The following patch fixes this bug as well as the LNT bug we see in MultiSource/Applications/JM/lencod:

--- a/lib/Analysis/ScopInfo.cpp
+++ b/lib/Analysis/ScopInfo.cpp
@@ -869,7 +869,9 @@ void MemoryAccess::dump() const { print(errs()); }
 __isl_give isl_pw_aff *MemoryAccess::getPwAff(const SCEV *E) {
   auto *Stmt = getStatement();
   PWACtx PWAC = Stmt->getParent()->getPwAff(E, Stmt->getEntryBlock());
-  InvalidDomain = isl_set_union(InvalidDomain, PWAC.second);
+  isl_set *StmtDom = isl_set_reset_tuple_id(getStatement()->getDomain());
+  isl_set *NewInvalidDom = isl_set_intersect(StmtDom, PWAC.second);
+  InvalidDomain = isl_set_union(InvalidDomain, NewInvalidDom);
   return PWAC.first;
 }

It restricts the invalid accesses to the memory accesses that are actually executed, which in this very case is enough to fix this issue as the only value of i0 that is every executed is i0 = 0, and the problematic values of i0 are larger.
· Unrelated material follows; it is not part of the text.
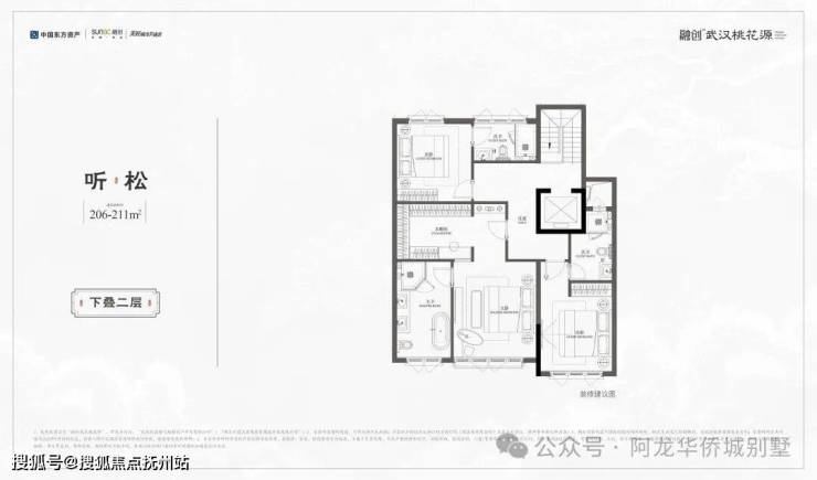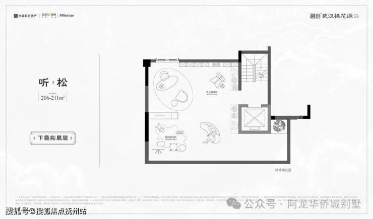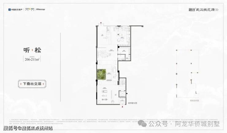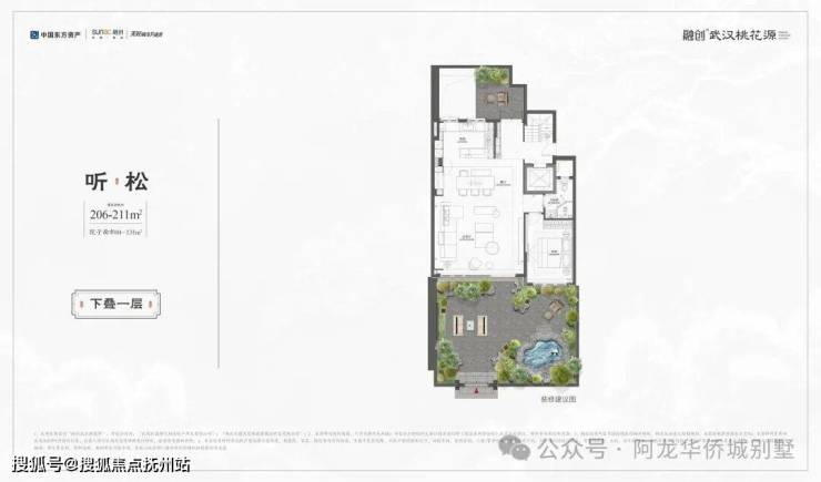 ◇听松|下叠|建面约206-211㎡· 一线临湖叠墅,窗前即是天心湖景· 奢阔私家庭院,面积约84–131㎡· 独特拓展层空间,兼顾孩子成长需求· 创新社交层场域,多元功能全家族满足

It would probably also make sense to collect the invalid context from the MemoryAccesses to ensure we won't get into a situation again where these invalid contexts are used, but not enforced by our run-time checks.

Johannes, any thoughts on this?
 
Best,
Tobias

Comment 6 Tobias Grosser 2016-07-11 07:21:40 PDT

I committed the fix proposed below in r275053. This addresses the most obvious issues and should make the buildbots green again.
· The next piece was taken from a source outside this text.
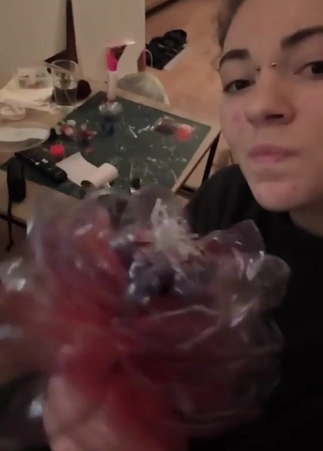 person holding and rotating a red, flower-shaped object made of transparent plastic. The person is fair-skinned with brown hair pulled back, wearing a black shirt. The background shows a messy room with a wooden floor. There's a table covered with a green cutting mat and various crafting supplies such as paint, brushes, and scissors. Other objects in the room include a cabinet, boxes, and general clutter. The camera remains mostly static, focusing on the object and the person's face.

We may still need to review the load hoisting code more carefully. The fact that the run-time check we construct does not take into account the invalid-assumptions we derive for memory accesses looks rather fragile and would clearly benefit from some further review and testing. Unfortunately, Johannes is currently not available to help with these issues.